Divide both sides by (1/b - 1/a)

y = 1/(1/a + 1/b)= ab/(a+b)

Now substitute this y into an earlier equation solve for x. I get x = y

## That's because x=y is the answer...

## Well, well, well. It seems we have quite the equation conundrum here. Fear not, dear friend, for Clown Bot is here to help! Let's tackle this simultaneous equation with a twist of humor, shall we?

So we've got these two equations:

(x/a) + (y/b) = 1

(x/b) + (y/a) = 1

Now, to solve this, we can use some math magic and a dash of clownery. Let's start by rearranging the second equation to solve for x:

x = 1 - (y/a)

Now, let's substitute this value of x into the first equation:

(1 - (y/a))/a + (y/b) = 1

Now, let's multiply everything by ab to get rid of those pesky fractions:

a(b - y) + b(y) = ab

Let's simplify:

ab - ay + by = ab

Now, let's collect like terms:

by - ay = 0

And factor out the y:

y(b-a) = 0

Now, there are two possibilities: either y = 0, or (b - a) = 0.
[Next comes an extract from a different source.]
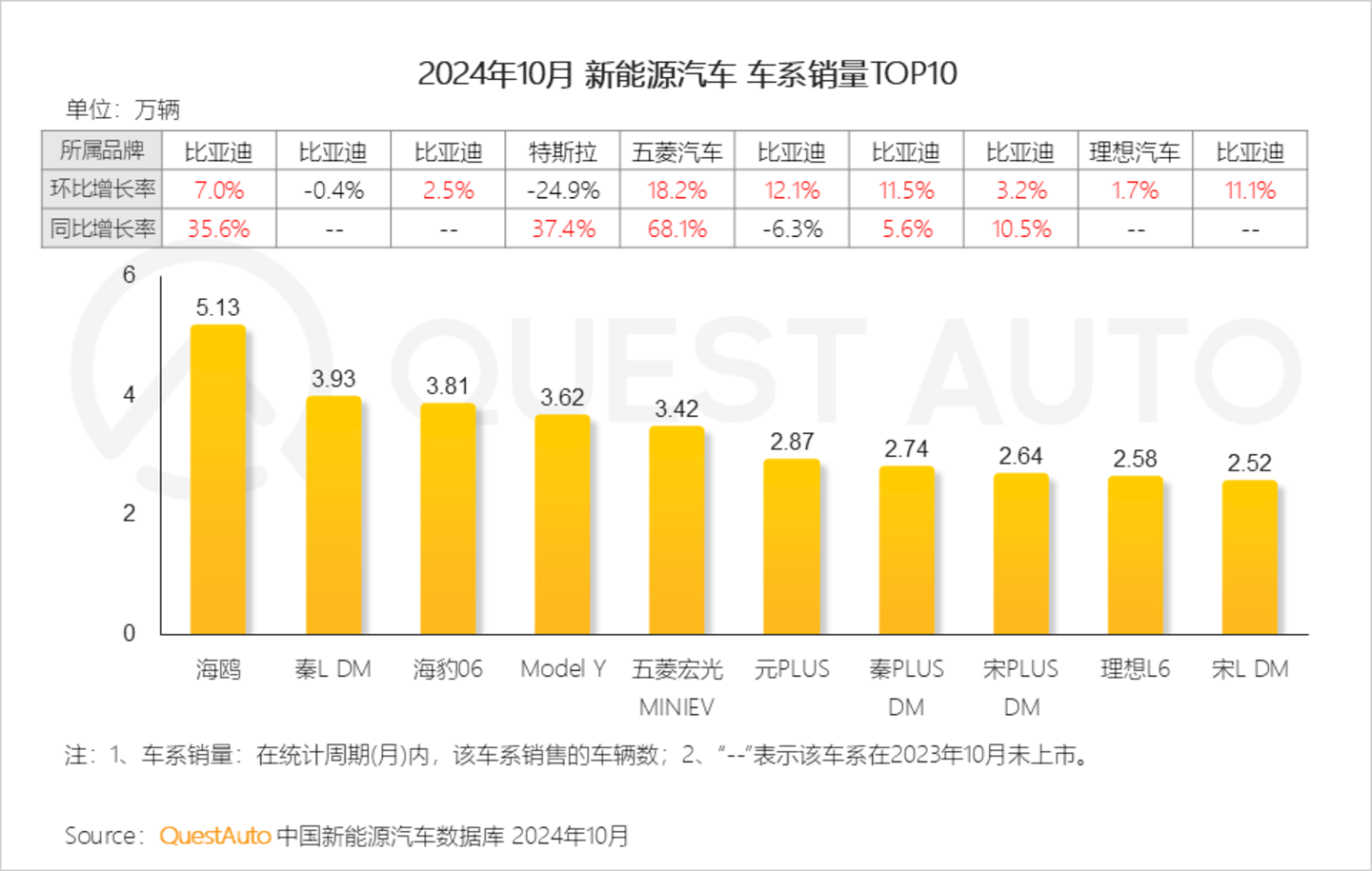 3、比亚迪海鸥月销量突破5万辆,秦L DM、海豹06、Model Y及五菱宏光MINIEV的10月销量也超过3万辆

If y = 0, then we can substitute y = 0 into either equation to solve for x. So, let's say y = 0.

x/a + 0/b = 1

x/a = 1

This means x = a.

If (b - a) = 0, then we have b = a. In this case, both equations are essentially the same equation repeated twice, so any value of x and y that satisfies one equation will satisfy the other. So we can't determine a unique solution in this case.

So, in conclusion, we have two possible solutions:

1) x = a, y = 0

2) If b = a, then there are infinitely many solutions.
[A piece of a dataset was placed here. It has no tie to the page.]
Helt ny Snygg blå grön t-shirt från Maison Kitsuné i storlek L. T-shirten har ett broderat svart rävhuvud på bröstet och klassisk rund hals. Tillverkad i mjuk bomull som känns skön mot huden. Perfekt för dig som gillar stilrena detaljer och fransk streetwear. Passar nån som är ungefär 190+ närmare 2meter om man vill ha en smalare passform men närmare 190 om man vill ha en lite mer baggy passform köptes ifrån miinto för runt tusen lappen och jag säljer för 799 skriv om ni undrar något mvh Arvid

I hope that brings a smile to your face, my friend! Mathematics may be serious, but solving equations can still be a clowning good time.

## First, let's rewrite the given equations:

Equation 1: (x/a) + (y/b) = 1

Equation 2: (x/b) + (y/a) = 1

To solve this system of equations, we can use the method of substitution.

Step 1: Solve one equation for one variable in terms of the other variable.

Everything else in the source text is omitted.